§ Available records:
=== Section Start ===

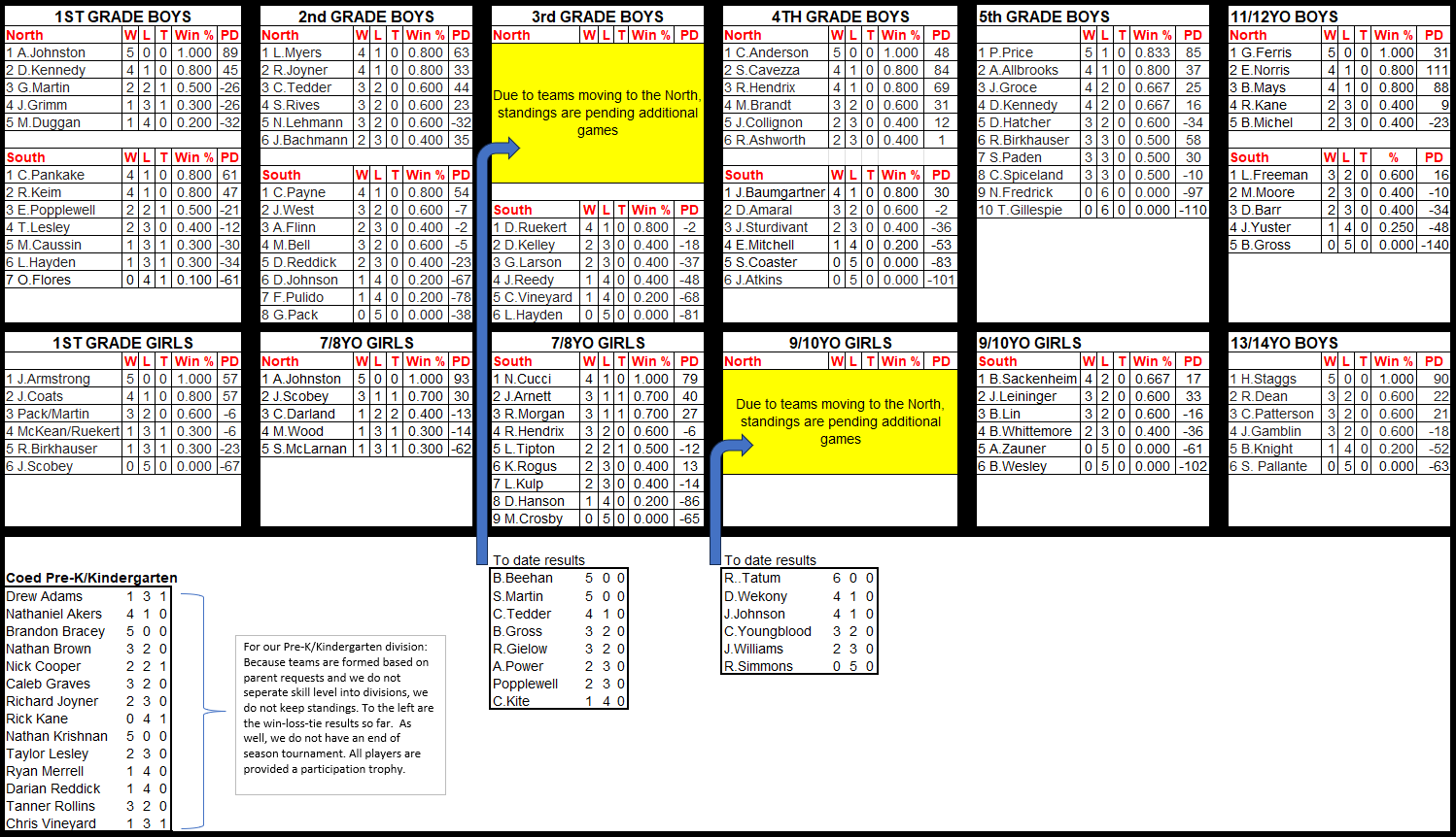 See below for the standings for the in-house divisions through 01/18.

=== Section End ===
=== Section Start ===

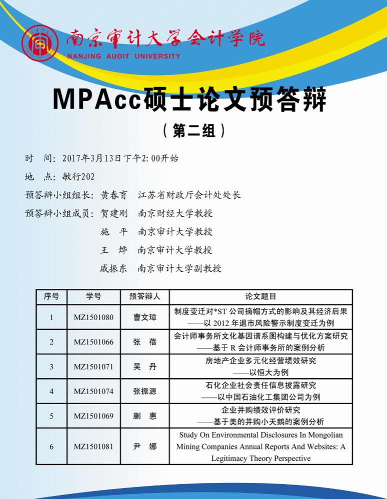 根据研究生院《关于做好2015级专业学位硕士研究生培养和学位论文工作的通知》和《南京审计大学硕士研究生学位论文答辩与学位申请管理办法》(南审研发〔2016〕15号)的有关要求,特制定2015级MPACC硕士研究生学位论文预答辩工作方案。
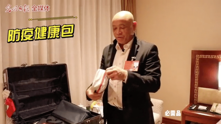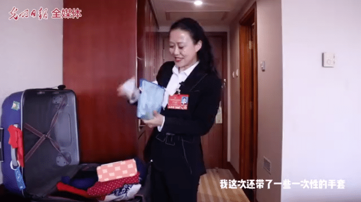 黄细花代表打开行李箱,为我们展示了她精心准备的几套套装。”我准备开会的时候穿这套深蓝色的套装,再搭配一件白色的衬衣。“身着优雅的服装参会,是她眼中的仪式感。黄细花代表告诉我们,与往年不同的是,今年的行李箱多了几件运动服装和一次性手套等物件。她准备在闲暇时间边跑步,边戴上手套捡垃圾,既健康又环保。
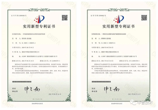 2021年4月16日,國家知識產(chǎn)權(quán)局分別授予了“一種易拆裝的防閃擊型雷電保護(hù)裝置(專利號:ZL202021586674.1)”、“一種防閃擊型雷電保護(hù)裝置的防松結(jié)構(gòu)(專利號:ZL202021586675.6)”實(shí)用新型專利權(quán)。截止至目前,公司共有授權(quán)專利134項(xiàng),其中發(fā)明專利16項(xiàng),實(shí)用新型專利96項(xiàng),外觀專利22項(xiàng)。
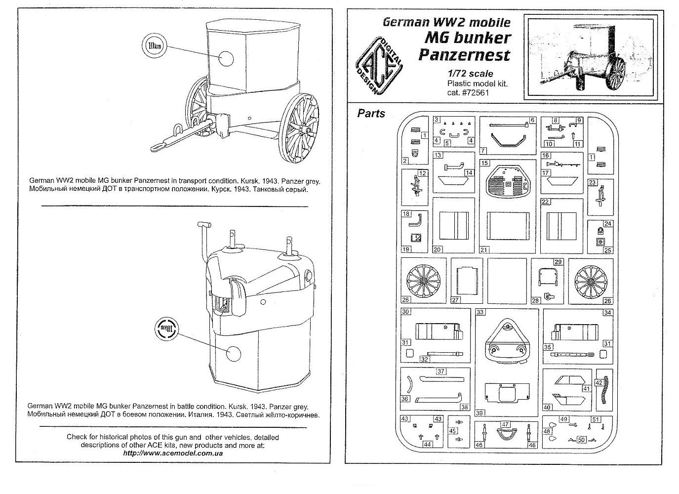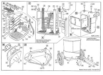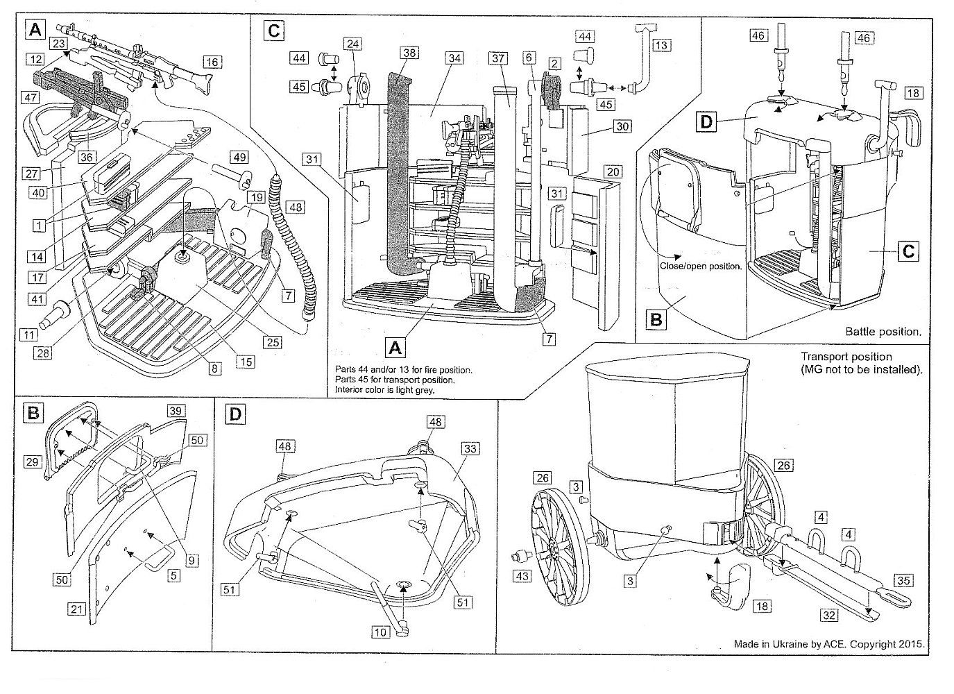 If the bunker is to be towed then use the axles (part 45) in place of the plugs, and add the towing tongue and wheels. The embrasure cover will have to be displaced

=== Section End ===
=== Section Start ===

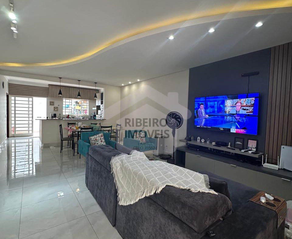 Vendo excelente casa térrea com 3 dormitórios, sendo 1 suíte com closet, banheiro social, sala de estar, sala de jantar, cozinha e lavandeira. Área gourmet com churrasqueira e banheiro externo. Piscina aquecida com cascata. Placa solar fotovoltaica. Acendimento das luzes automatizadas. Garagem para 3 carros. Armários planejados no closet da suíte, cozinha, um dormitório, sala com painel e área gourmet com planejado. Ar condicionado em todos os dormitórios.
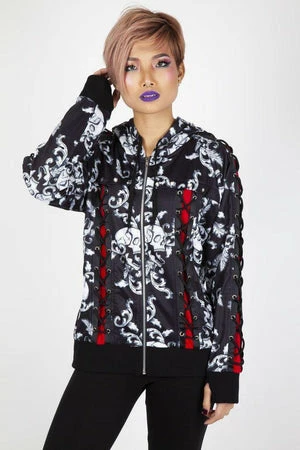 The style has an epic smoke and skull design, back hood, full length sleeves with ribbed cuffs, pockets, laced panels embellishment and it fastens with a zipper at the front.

=== Section End ===

§ What you should do: Each line above starting at the one holding "根据研究生院《关于做好201" and ending at the one holding "If the bunker" should be set down exactly as it stands, both ends included, with no pictures.

§ Worked solution:
 根据研究生院《关于做好2015级专业学位硕士研究生培养和学位论文工作的通知》和《南京审计大学硕士研究生学位论文答辩与学位申请管理办法》(南审研发〔2016〕15号)的有关要求,特制定2015级MPACC硕士研究生学位论文预答辩工作方案。
 黄细花代表打开行李箱,为我们展示了她精心准备的几套套装。”我准备开会的时候穿这套深蓝色的套装,再搭配一件白色的衬衣。“身着优雅的服装参会,是她眼中的仪式感。黄细花代表告诉我们,与往年不同的是,今年的行李箱多了几件运动服装和一次性手套等物件。她准备在闲暇时间边跑步,边戴上手套捡垃圾,既健康又环保。
 2021年4月16日,國家知識產(chǎn)權(quán)局分別授予了“一種易拆裝的防閃擊型雷電保護(hù)裝置(專利號:ZL202021586674.1)”、“一種防閃擊型雷電保護(hù)裝置的防松結(jié)構(gòu)(專利號:ZL202021586675.6)”實(shí)用新型專利權(quán)。截止至目前,公司共有授權(quán)專利134項(xiàng),其中發(fā)明專利16項(xiàng),實(shí)用新型專利96項(xiàng),外觀專利22項(xiàng)。
 If the bunker is to be towed then use the axles (part 45) in place of the plugs, and add the towing tongue and wheels. The embrasure cover will have to be displaced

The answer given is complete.